Eight of the US' largest high-technology companies, consumer electronics makers and movie studios were yesterday to announce a system for licensing and distributing movies and other content produced with the latest digital media technology.
The collaboration among Intel, IBM, Microsoft, Sony, Toshiba, Panasonic, Walt Disney and Time Warner is intended to help prevent the delays and problems that have plagued the rollout of new digital formats in the past.
"This will settle a lot of problems," said Richard Doherty, president of Envisioneering, a technology research and consulting company based in Seaford, New York.
"A lot of content isn't going to get to consumers without something like this," he said.
The specification, called the Advanced Access Content System, will be available by the end of the year to movie studios, producers, consumer electronic manufacturers and other companies involved in the distribution of the next generation of digital media content.
By adhering to a single specification, content owners and makers of devices such as portable media players and home media networks can better ensure that their products work together and that their copyrights are protected.

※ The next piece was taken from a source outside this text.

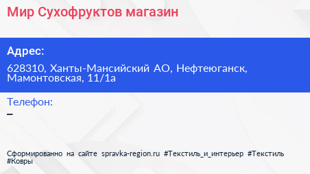 Мир Сухофруктов, магазин по адресу 628310, Ханты-Мансийский АО, Нефтеюганск, Мамонтовская, 11/1а в дальнейшем Организация, размещена в следующих категориях:

For example, consumers would be able to buy one copy of a movie and view it on multiple devices, such as TVs and desktop computers.
The project is a departure for the movie studios, which have typically been on the receiving end of new licensing schemes and technical standards rather than being involved from the start.

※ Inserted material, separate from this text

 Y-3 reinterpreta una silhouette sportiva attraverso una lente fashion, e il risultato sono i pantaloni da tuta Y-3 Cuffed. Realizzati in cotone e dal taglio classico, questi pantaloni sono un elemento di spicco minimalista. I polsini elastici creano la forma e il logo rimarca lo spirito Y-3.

"Helping to develop the technology rather than just licensing it allows us to be proactive in addressing issues," said Sandra Aistars, senior counsel for intellectual property at Time Warner and chairman of the group.
With the involvement of Walt Disney and Warner Brothers, the effort represents 40 percent of the market for home videos today, making it more likely the new format will be successful.
Doherty said the new specification and licensing model will make it easier for movie studios to distribute their latest films on the most advanced formats, like those for the next-generation portable media players recently announced by Microsoft and Hewlett-Packard.